== Materials provided

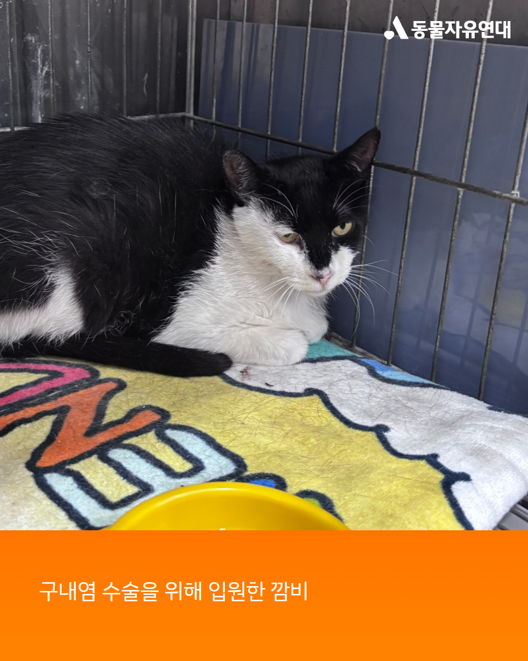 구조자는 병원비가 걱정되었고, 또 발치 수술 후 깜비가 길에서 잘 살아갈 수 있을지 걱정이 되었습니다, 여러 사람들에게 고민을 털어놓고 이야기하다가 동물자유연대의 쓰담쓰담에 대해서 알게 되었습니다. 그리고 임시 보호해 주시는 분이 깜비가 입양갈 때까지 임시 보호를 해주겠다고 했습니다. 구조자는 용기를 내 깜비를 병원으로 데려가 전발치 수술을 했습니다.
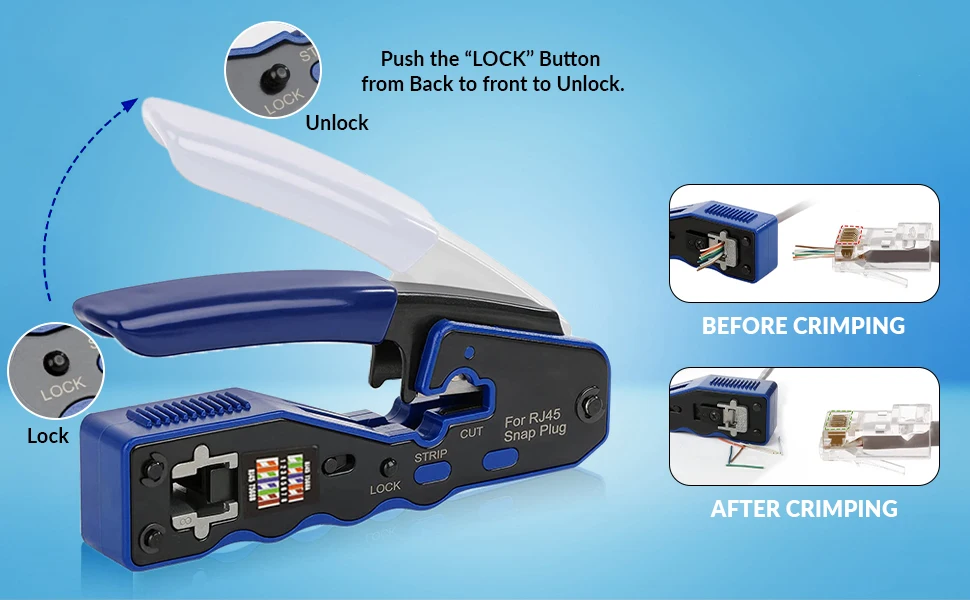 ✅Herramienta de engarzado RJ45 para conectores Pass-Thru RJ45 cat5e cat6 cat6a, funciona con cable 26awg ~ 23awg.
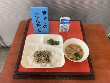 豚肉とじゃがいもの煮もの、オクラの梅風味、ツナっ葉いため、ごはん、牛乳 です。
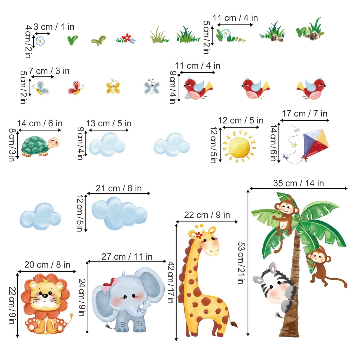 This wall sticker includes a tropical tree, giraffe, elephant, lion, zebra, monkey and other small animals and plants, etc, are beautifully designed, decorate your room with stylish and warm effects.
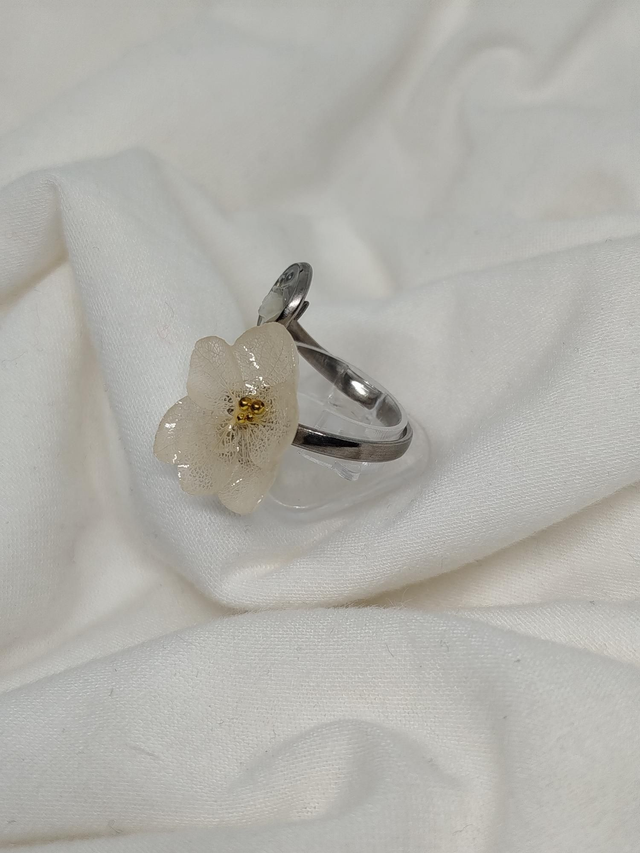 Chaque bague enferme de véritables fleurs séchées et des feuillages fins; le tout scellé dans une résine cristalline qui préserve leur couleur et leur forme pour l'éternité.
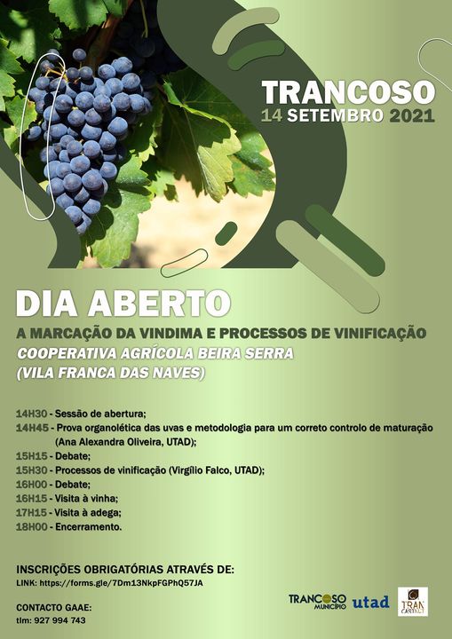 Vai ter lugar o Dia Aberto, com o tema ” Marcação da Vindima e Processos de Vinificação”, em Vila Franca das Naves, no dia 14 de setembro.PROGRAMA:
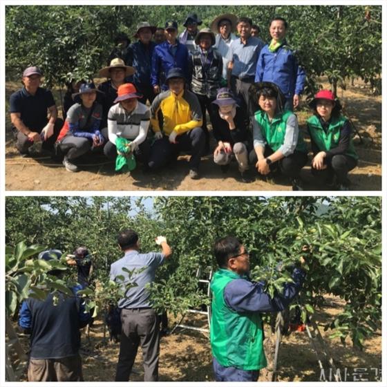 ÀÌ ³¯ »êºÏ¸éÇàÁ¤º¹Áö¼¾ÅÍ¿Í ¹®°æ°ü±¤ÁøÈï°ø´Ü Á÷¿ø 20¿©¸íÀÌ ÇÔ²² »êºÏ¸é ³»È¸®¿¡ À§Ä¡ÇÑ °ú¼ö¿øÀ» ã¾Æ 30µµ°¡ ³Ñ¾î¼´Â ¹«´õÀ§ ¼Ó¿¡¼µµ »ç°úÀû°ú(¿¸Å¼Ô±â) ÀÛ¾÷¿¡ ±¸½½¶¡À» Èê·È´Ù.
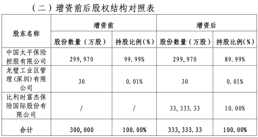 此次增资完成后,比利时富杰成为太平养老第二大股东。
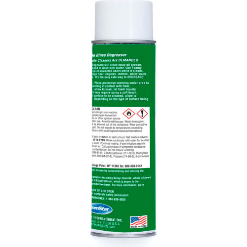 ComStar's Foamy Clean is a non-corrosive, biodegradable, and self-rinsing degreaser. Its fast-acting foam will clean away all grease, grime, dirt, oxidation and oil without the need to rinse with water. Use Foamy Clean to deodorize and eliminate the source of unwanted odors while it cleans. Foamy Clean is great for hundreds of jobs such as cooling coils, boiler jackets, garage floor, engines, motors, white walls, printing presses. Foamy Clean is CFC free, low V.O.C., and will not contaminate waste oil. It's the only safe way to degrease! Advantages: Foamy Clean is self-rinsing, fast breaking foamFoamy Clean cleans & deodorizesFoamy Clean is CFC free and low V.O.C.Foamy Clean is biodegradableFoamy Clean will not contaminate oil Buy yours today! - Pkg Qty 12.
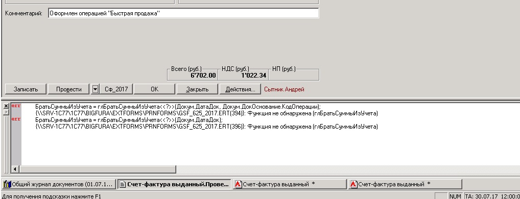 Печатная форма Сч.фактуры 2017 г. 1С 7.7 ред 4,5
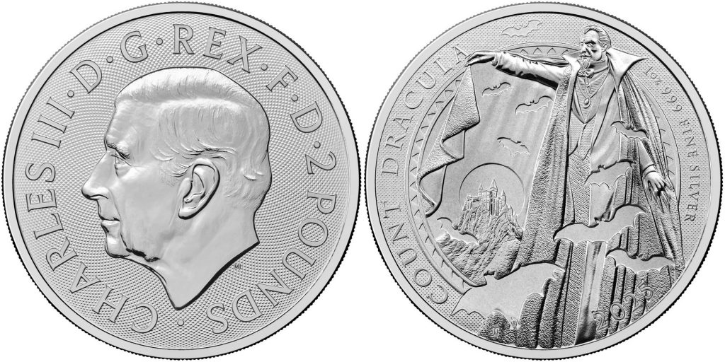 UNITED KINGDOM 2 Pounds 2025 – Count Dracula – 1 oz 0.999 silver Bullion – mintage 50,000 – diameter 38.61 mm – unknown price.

====
== Materials provided

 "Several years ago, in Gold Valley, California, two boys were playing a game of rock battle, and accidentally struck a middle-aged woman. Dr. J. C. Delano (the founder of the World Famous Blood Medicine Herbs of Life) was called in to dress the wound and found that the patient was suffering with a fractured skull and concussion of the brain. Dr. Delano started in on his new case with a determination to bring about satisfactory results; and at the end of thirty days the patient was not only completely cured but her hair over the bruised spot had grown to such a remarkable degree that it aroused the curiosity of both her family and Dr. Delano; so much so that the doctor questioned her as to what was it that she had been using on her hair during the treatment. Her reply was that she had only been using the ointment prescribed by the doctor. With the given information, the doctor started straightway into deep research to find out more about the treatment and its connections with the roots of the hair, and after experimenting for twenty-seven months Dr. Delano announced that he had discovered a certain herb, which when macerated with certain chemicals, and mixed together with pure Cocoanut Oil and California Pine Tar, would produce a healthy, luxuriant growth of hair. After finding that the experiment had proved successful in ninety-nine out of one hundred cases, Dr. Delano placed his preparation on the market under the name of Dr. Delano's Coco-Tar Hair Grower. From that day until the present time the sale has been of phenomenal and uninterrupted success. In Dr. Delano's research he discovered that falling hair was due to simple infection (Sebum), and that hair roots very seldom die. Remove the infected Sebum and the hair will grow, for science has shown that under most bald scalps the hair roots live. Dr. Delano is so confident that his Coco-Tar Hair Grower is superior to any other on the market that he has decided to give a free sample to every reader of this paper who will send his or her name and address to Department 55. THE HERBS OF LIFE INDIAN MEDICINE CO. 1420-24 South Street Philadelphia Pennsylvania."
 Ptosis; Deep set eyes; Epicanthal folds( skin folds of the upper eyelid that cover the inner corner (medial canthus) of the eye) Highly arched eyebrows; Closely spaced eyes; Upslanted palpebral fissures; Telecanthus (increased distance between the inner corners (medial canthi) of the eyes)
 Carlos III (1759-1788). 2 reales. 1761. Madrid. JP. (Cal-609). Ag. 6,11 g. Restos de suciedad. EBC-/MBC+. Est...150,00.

====
== Materials provided

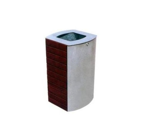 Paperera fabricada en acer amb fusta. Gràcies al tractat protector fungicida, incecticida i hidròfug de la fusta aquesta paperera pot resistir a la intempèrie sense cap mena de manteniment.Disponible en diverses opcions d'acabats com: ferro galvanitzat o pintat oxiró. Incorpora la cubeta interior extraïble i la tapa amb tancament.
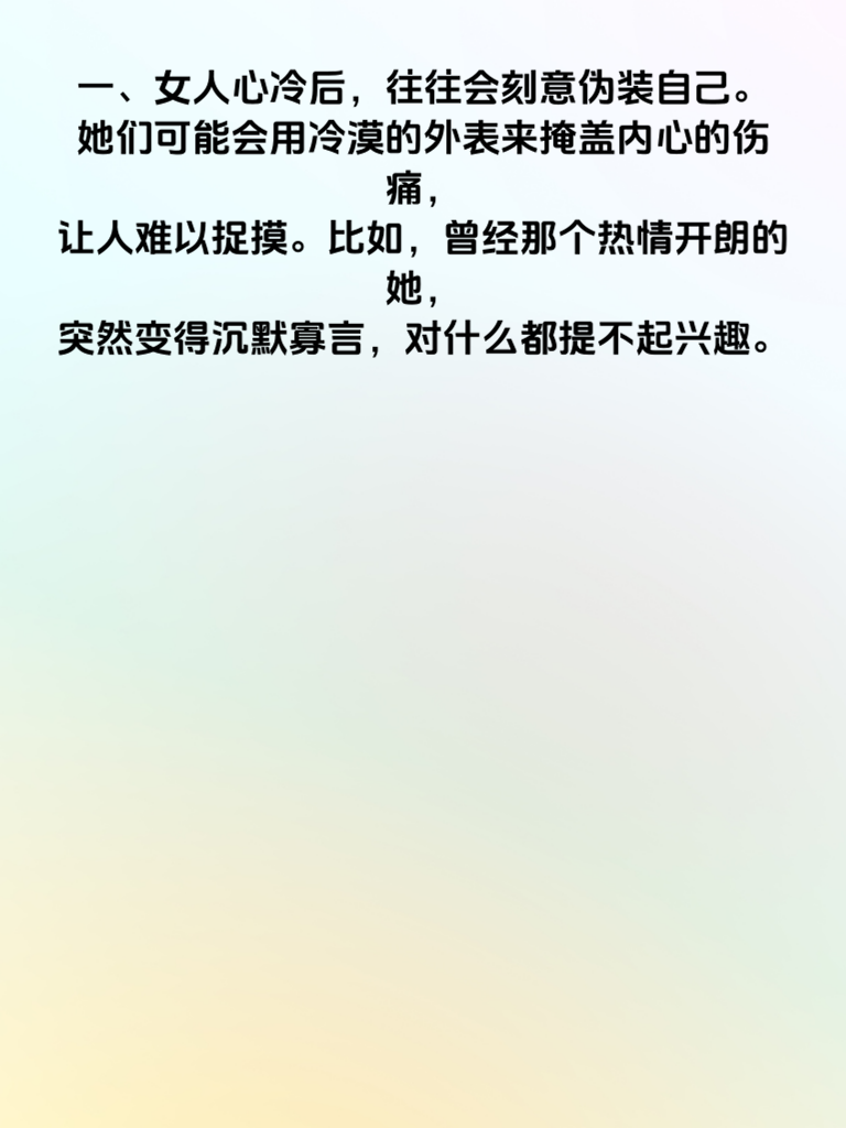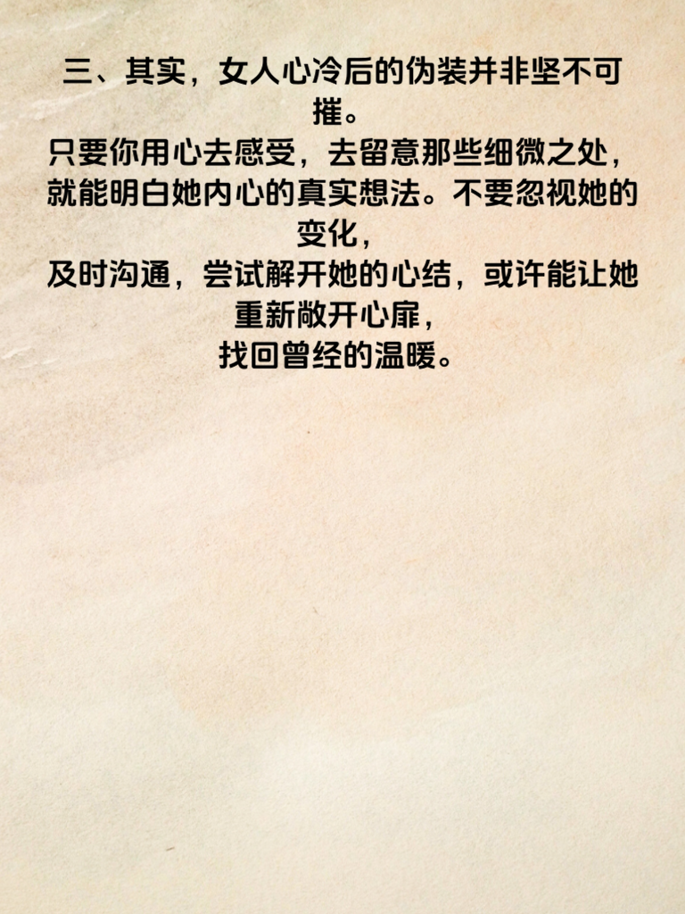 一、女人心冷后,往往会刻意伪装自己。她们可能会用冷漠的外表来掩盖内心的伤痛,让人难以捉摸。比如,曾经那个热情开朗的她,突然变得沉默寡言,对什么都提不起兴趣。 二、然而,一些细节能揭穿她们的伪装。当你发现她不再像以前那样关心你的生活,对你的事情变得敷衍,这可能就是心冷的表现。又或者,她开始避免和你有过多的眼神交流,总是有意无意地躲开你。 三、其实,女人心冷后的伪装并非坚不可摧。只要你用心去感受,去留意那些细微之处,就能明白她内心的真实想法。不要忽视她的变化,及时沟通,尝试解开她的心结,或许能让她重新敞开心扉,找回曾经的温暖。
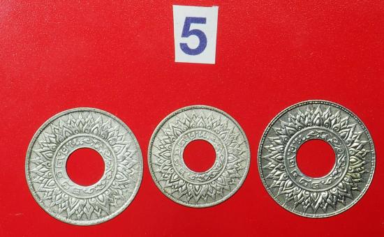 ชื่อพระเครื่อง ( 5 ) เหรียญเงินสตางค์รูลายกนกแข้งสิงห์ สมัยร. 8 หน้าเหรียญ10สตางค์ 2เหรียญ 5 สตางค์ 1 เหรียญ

====

Your instructions
Nothing but the lines from the one with "此次增资完成后,比利时富杰成为太平养老第二大股东。" to the one with "Печатная форма Сч.фактуры" above, both included, should be transcribed, exactly and without pictures.

Your solution
 此次增资完成后,比利时富杰成为太平养老第二大股东。
 ComStar's Foamy Clean is a non-corrosive, biodegradable, and self-rinsing degreaser. Its fast-acting foam will clean away all grease, grime, dirt, oxidation and oil without the need to rinse with water. Use Foamy Clean to deodorize and eliminate the source of unwanted odors while it cleans. Foamy Clean is great for hundreds of jobs such as cooling coils, boiler jackets, garage floor, engines, motors, white walls, printing presses. Foamy Clean is CFC free, low V.O.C., and will not contaminate waste oil. It's the only safe way to degrease! Advantages: Foamy Clean is self-rinsing, fast breaking foamFoamy Clean cleans & deodorizesFoamy Clean is CFC free and low V.O.C.Foamy Clean is biodegradableFoamy Clean will not contaminate oil Buy yours today! - Pkg Qty 12.
 Печатная форма Сч.фактуры 2017 г. 1С 7.7 ред 4,5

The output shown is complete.